KEITH ‘BEAR’ HARVEY was a scholarship football player on the Miami University of Ohio football team when its team name was the “Redskins.” His acceptance of that nickname changed following a conversation with a Native American classmate. Harvey’s commentary below explains why he joined the effort to change the team’s nickname.
AFSC's Keith Harvey discusses "redskins," his childhood and "building the beloved community."
A few days ago, an article from the Lincoln County News landed on my desk. The article referenced the work of two of my staff in Maine, both Native women, and the struggle to address the racism embedded in the term “redskin.” When I read the words “The people who want to change it should be shot,” I was instantly transported to my childhood.

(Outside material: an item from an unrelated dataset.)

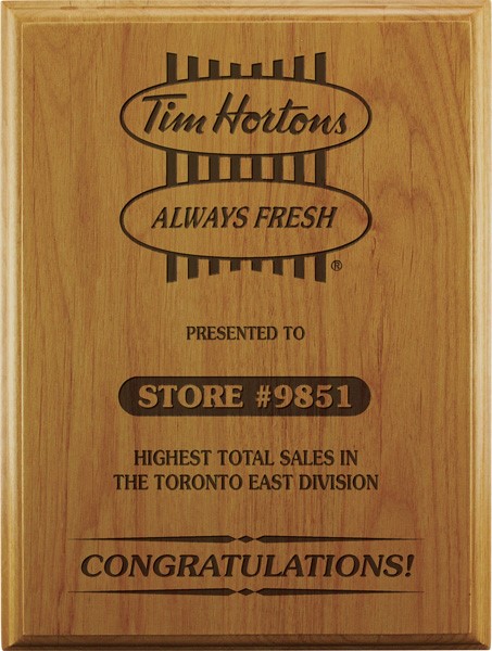 A Variety of wood plaques are available that can be laser etched with your message, Logo or photograph.

My father, James Harvey, worked with the National Association for the Advancement of Colored People (NAACP) and the American Friends Service Committee (Quakers). The important work of integration became the work of my entire family — children and adults. Over the course of my childhood, I would be asked to integrate four schools. My sister and I would be the only Black children in our schools, and our family, the only Black family in our neighborhoods. Our task was to show that we were people, just folks who could keep a nice house and a beautiful yard and that I could go to school and not just attend but excel. Our task was to become neighbors and to make friends.
It was hard. We were threatened with words not so different from the words in the Lincoln County News article.